• _SUPPLIED DATA_
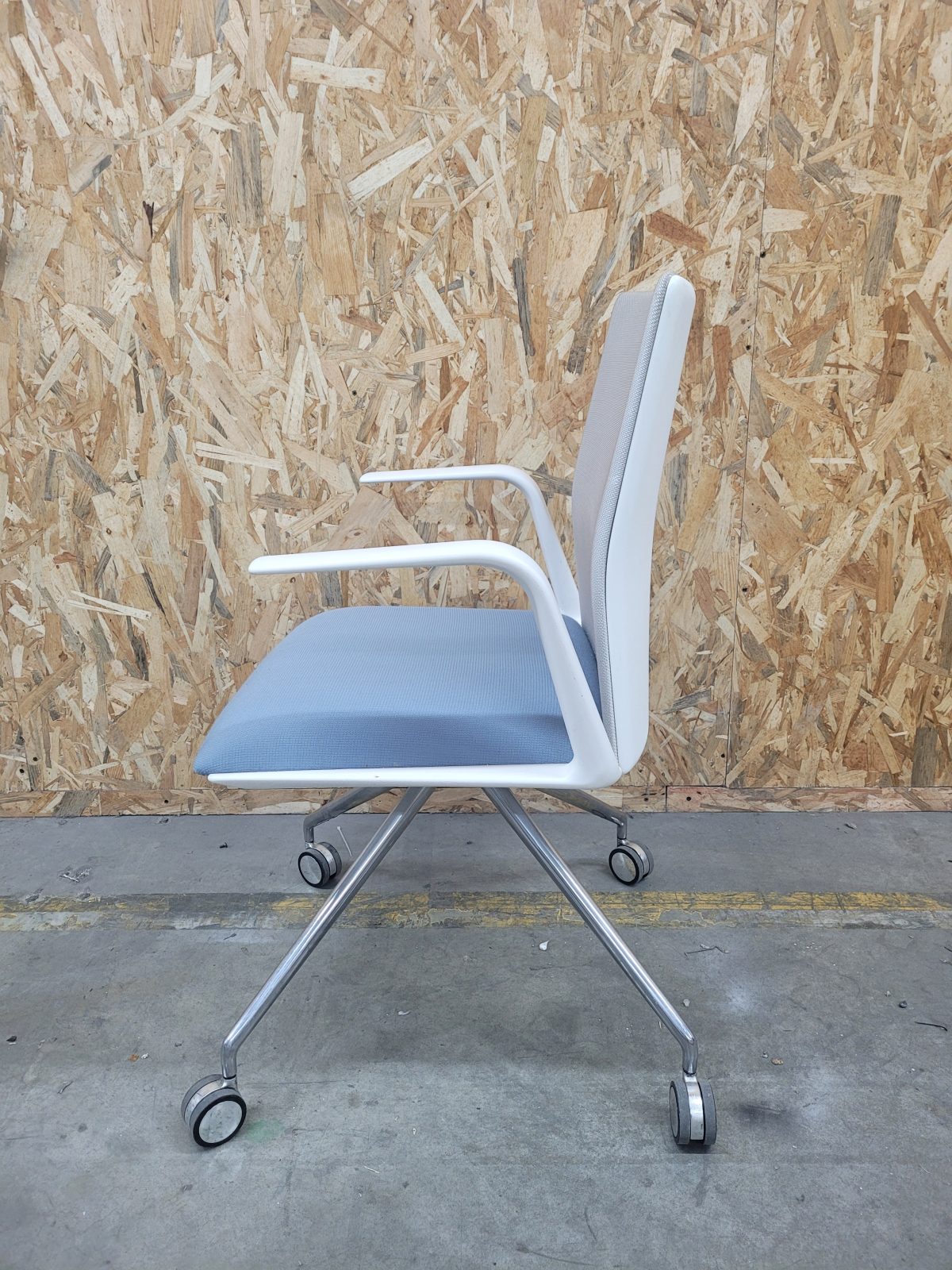 Chaise de réunion sur roulettes RENZO Blanc/Gris/Bleu/Chrome – OCCASION
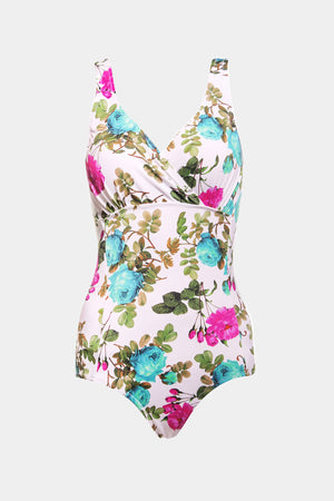 One-piece swimsuit with special microfiber foam cups. Large floral print.
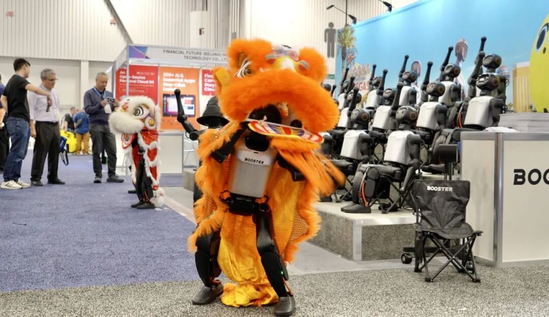 加速进化,应该是本次参展商中机器人出场数量最多的企业,数十台Booster K1组成机器人矩阵,带来招财猫、新年祝福等不同主题的齐舞表演。
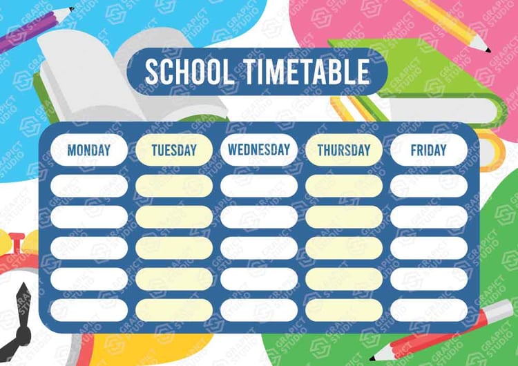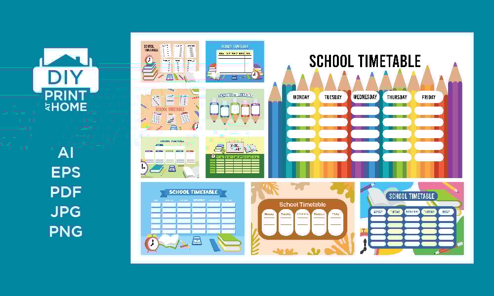 Back to school will be fun with DIY School Timetable! Reduce time and cost to create design, print with your own printer and make your children happy. No need special software editing and design skill, just print it yourself with your own print.
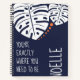 This design features the quote "You're Exactly Where You Need to Be", monstera tropical leaves on a navy blue background, and your name.
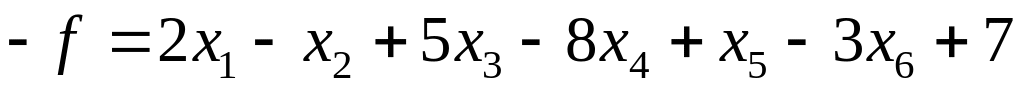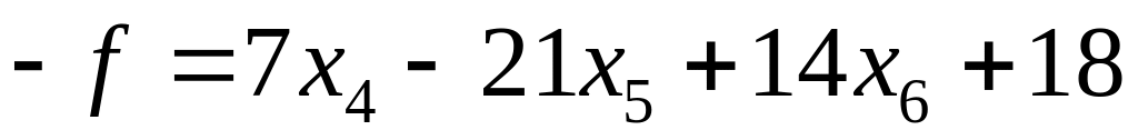 Описанные преобразования системы ограничений в целевой функции удобнее проводить одновременно, приписав к жордановой таблице снизу строку для целевой функции ( - строку). В процессе жордановых исключений эту строку не следует выбирать разрешающей, но преобразовывать ее элементы нужно по обычным правилам. В результате целевая функция, как и базисные переменные, окажется выраженной через свободные переменные (табл. 2.10 – 2.13).
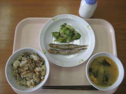 ひじきごはん 牛乳 ししゃものからあげ 野菜のゆかりかけ じゃがいもとわかめのみそ汁
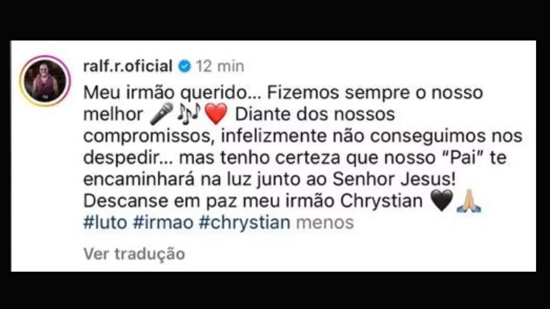 "Meu irmão querido... Fizemos sempre o nosso melhor. Diante dos nossos compromissos, infelizmente não conseguimos nos despedir... mas tenho certeza que nosso "Pai" te encaminhará na luz junto ao Senhor Jesus! Descanse em paz meu irmão Chrystian 🖤🙏 #luto #irmao #chrystian"
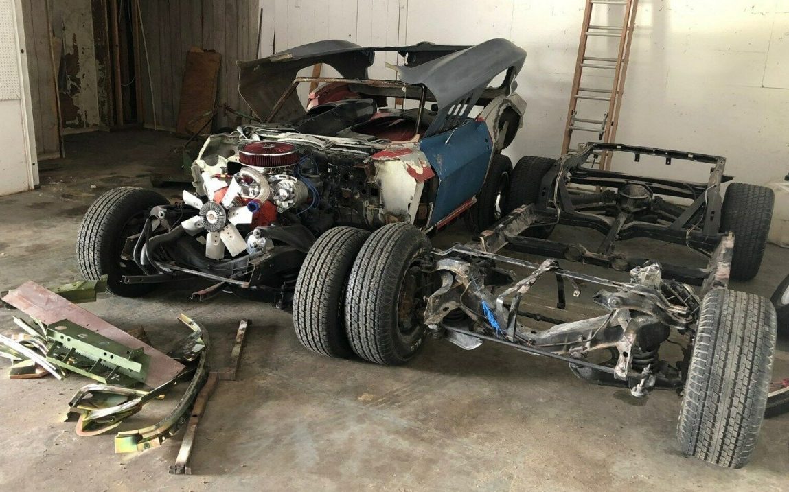 The seller explains in the ad that the body has been cut behind the seats and that the chassis came from another car that was being restomodded. There are some extra front and rear floors, some birdcage parts and an aftermarket one-piece front clip are included. The car is also wearing my favorite version of the famous Chevrolet rallye wheels, although I have no idea if they are correct for the car or not.
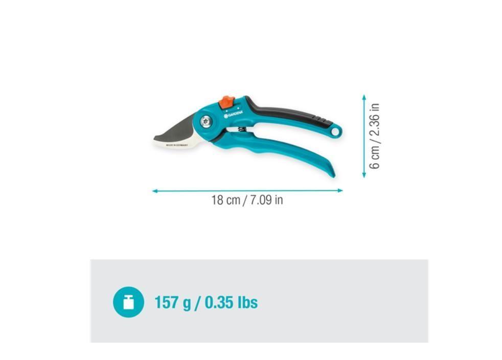 GARDENA Klasik Budama Makası yapışmaz kaplamalı üst bıçağı ve paslanmaz çelikten yapılmış alt bıçağı ile çiçekleri ve genç filizleri, sürgünleri kesmek için mükemmeldir. Ergonomik şekilli sapları ve üst sapının ilave yumuşak bileşenleri kesme işlemi sırasında maksimum konfor sağlar. Budama makasında güvenli şekilde muhafaza edilebilmesini sağlayan tek elle çalıştırılan pratik bir emniyet kilidi bulunmaktadır. 25 yıl garanti süresi.
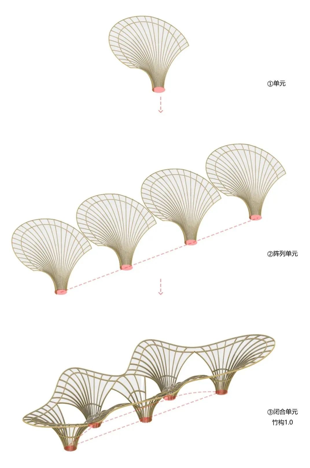 通过结构优化,缩小竹柱直径,最大化悬挑深度,伞面直径达9.3米;从建构上探索更符合竹材建构与耐候的设计逻辑,突破长岐村1.0单体模块化导致整体造型单一重复的限制,转向黄龙竹廊2.0的原竹构件模块化,从生产的角度单体模块化和构件模块化的建构逻辑是一致的,在设计上实现二维曲线拟合三维双向曲面悬挑结构,实现了施工二维化、扁平化,更有助于原竹实际工程推广与应用;长岐村竹廊的工匠营建队伍也参与了黄龙滨水竹廊的营建,设计与建造团队共同进步。
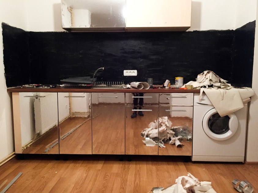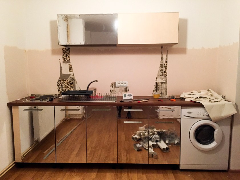 EN: Basic furniture, an ordinary wallpaper, colors that lack personality and so on. I didn’t like it at all, to be honest. I wasn’t very happy about the missing oven or the small stove either. We knew we weren’t going to live here forever, but I think turning the place into something beautiful and enjoyable is worth it, even if we’re going to use it for only 2 or 3 years. And especially the kitchen, where I spend a lot of time.

• _WHAT YOU WILL DO_
Exactly the lines starting at the one above with "加速进化,应该是本次参展商中" and ending at the one with "ひじきごはん 牛乳 ししゃものからあげ 野菜のゆかりかけ じゃがいもとわかめのみそ汁" should be printed, and nothing else. Omit the pictures.

• _RESULT OF THE TASK_
 加速进化,应该是本次参展商中机器人出场数量最多的企业,数十台Booster K1组成机器人矩阵,带来招财猫、新年祝福等不同主题的齐舞表演。
 Back to school will be fun with DIY School Timetable! Reduce time and cost to create design, print with your own printer and make your children happy. No need special software editing and design skill, just print it yourself with your own print.
 This design features the quote "You're Exactly Where You Need to Be", monstera tropical leaves on a navy blue background, and your name.
 Описанные преобразования системы ограничений в целевой функции удобнее проводить одновременно, приписав к жордановой таблице снизу строку для целевой функции ( - строку). В процессе жордановых исключений эту строку не следует выбирать разрешающей, но преобразовывать ее элементы нужно по обычным правилам. В результате целевая функция, как и базисные переменные, окажется выраженной через свободные переменные (табл. 2.10 – 2.13).
 ひじきごはん 牛乳 ししゃものからあげ 野菜のゆかりかけ じゃがいもとわかめのみそ汁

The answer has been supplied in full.